Sulla base di questi e altri argomenti la Cassazione ha giudicata errata la conclusione a cui era giunto il Tribunale di Milano, che con sentenza del 19 novembre 2015 aveva dichiarato esattamente l’opposto. Di fronte cioè alla denuncia di alcuni ex autisti di una società di autotrasporto che impone l’uso delle calamite ai suoi dipendenti, il Tribunale penale sosteneva che il fatto non è previsto dalla legge come reato. Nel senso che il disegno criminoso dell’azienda era assolutamente provato, anche tramite strumentazioni GPS, che avevano consentito di verificare varie incongruenze tra i periodi di riposo segnati nelle stampate del cronotachigrafo rispetto agli effettivi spostamenti del mezzo rinvenibili dall’analisi dello storico GPS, comprovando, pertanto, la manomissione dei rilevatori a bordo dei camion. Ma il giudice non riteneva di dover applicare la norma penale, quanto piuttosto quella del codice della strada.

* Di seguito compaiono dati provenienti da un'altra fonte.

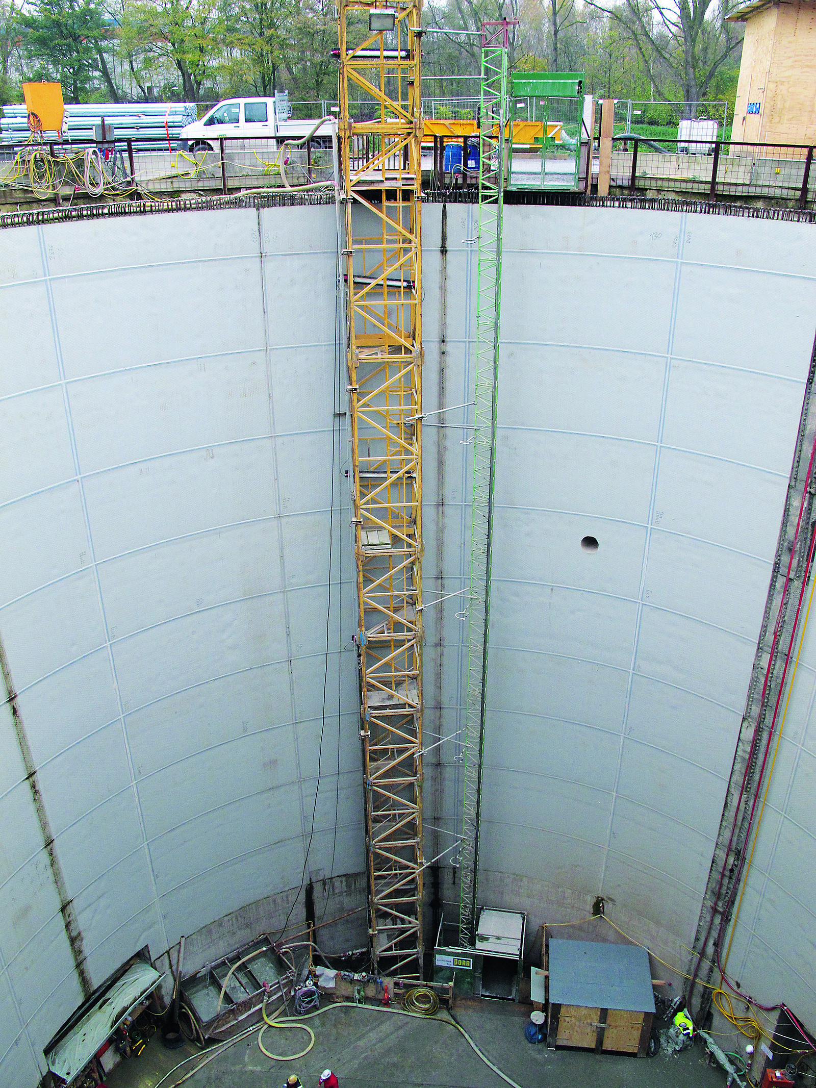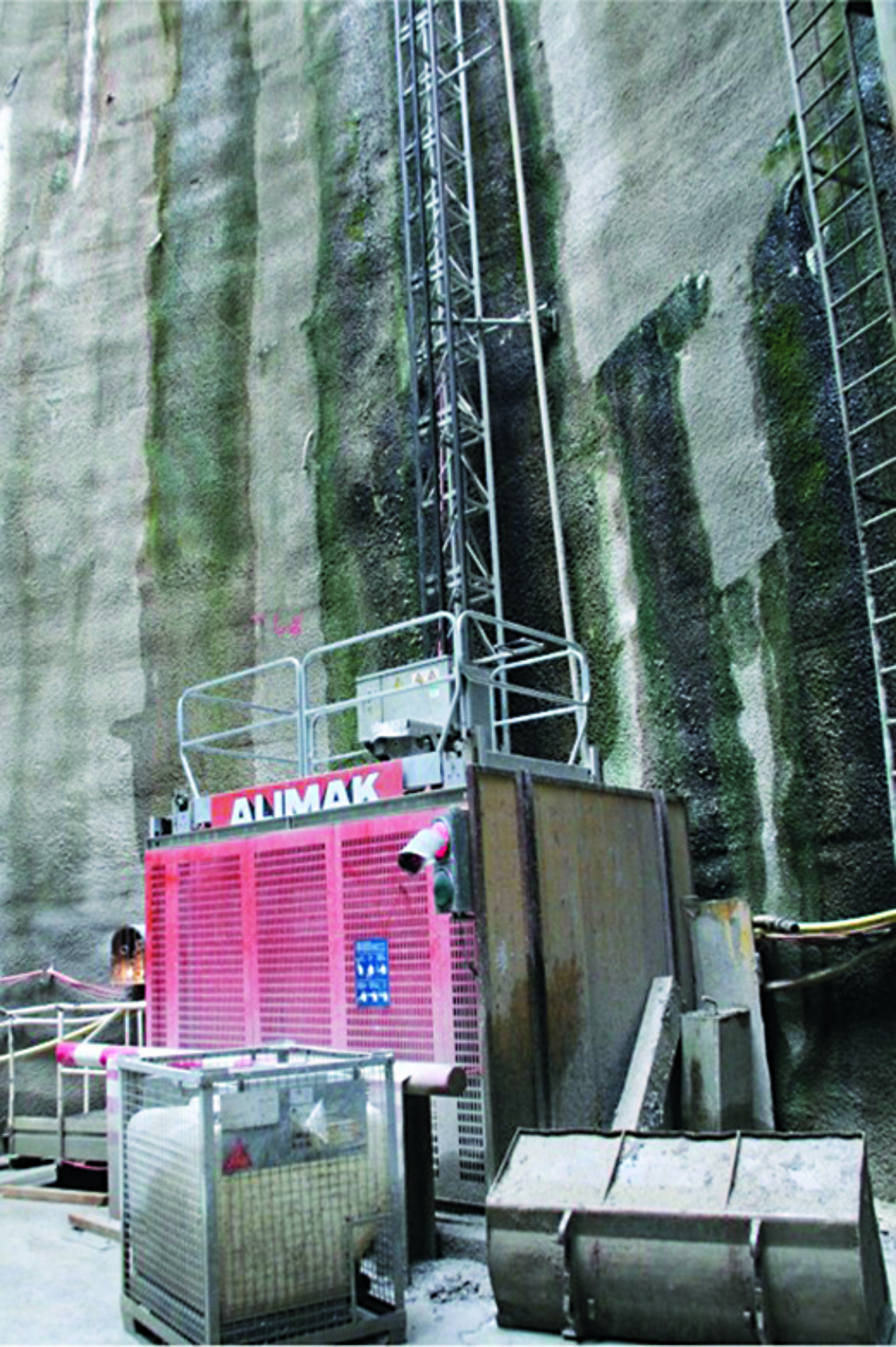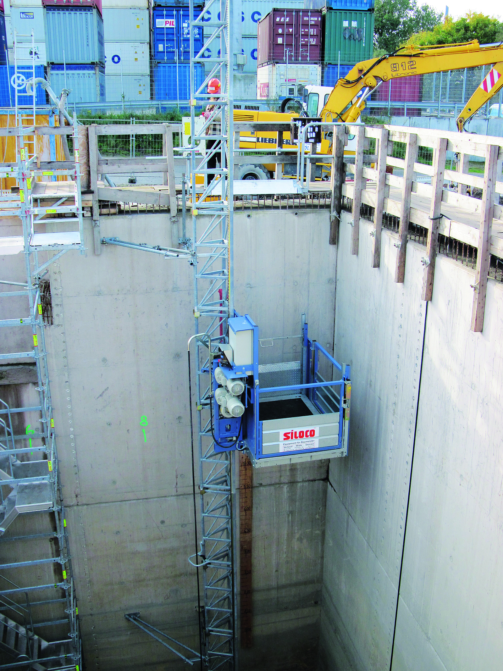 Als Verkehrsweg in die fertiggestellten Baugruben und Schächte stellen Bauaufzüge eine Alternative dar. Hierbei ist zu bedenken, dass grundsätzlich ein zusätzlicher energieunabhängiger Fluchtweg vorhanden sein muss, z. B. ein Treppenturm. Infrage kommen reine Personenaufzüge oder Baustellenaufzüge, mit denen Personen und Material transportiert werden können (Transportbühnen). Beide Aufzugsarten gehören zu den überwachungsbedürftigen Anlagen und sind daher vor der Inbetriebnahme und danach regelmäßig durch eine zugelassene Überwachungsstelle zu prüfen.[4] Bei Baustellenaufzügen besteht die Gefahr, dass Beschäftigte bei einer Betriebsstörung (z. B. Stromausfall) im Aufzug eingeschlossen werden. Für diesen Fall sind ein entsprechender Notfallplan und eine Notbefreiungsanleitung aufzustellen.[5] Eine wesentliche Voraussetzung für die Befreiung ist, dass vom eingeschlossenen Personal die erforderliche Hilfe herbeigerufen werden kann.[6] Da der Aufzugskorb im Rahmen der Befreiung auf den Boden der Baugrube bzw. des Schachts abgelassen wird, muss ein zusätzlicher Zugang/Fluchtweg installiert sein, damit das Personal die Baugrube bzw. den Schacht über diesen Zugang gefahrlos verlassen kann. Entsprechend der jeweiligen Baustellensituation kann es erforderlich sein, die Aufzugsanlage mit einer eigenen Notstromversorgung auszurüsten (siehe Abb. 4 und 5).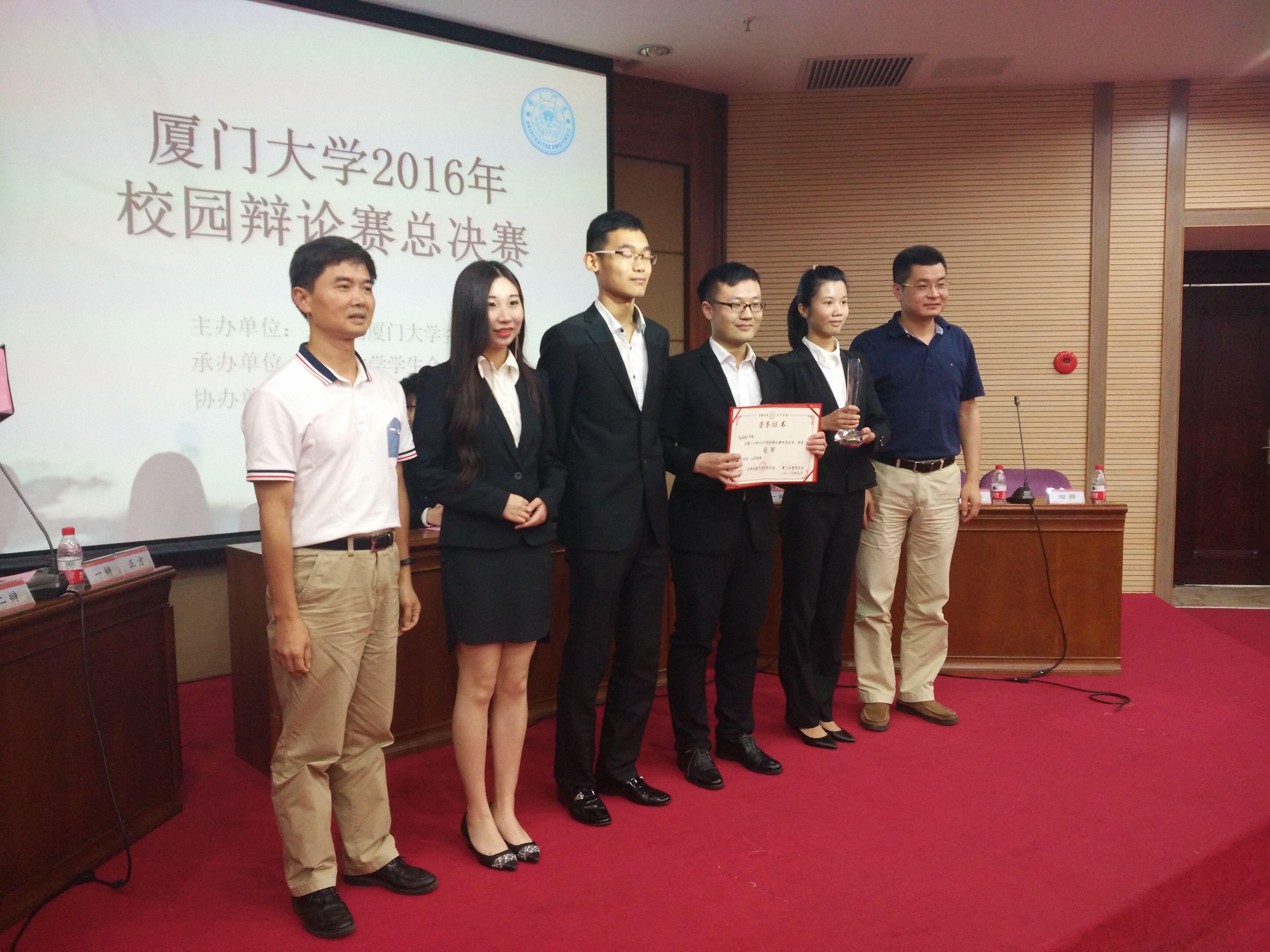 最终,我院辩论队夺得了2016年厦门大学校园辩论赛冠军。校团委书记陈怀锋和乐竞体育-中国一站式服务官网党委书记张明智为辩论队颁发了证书和奖杯。

Cosa vuol dire tutto questo? Molto, per certi versi moltissimo, perché mette un po’ di chiarezza in materia. In Italia infatti esistono molti distretti di polizia stradale che, di fronte a manomissioni del tachigrafo, ipotizzano la commissione di un reato penale e trasmettono gli atti al giudice. Ma spesso poi queste denunce non trovano seguito e i giudici decidono di non rinviare a giudizio gli interessati, proprio sulla base del principio di specialità che abbiamo ricordato. Il fatto che adesso la Cassazione indica una diversa interpretazione sicuramente costituisce un precedente importante, al quale altri tribunali possono adeguarsi. «Possono», non debbono, perché nel nostro ordinamento, contrariamente a quelli di common law (anglosassoni in genere) il precedente non costituisce una fonte primaria. Insomma, non è di per sé una legge. È un’indicazione, ma per essere certi che tutti i tribunali poi si adeguino ci vorrebbe un’apposita legge. Anche se è certo comunque che in tanti lo faranno ugualmente.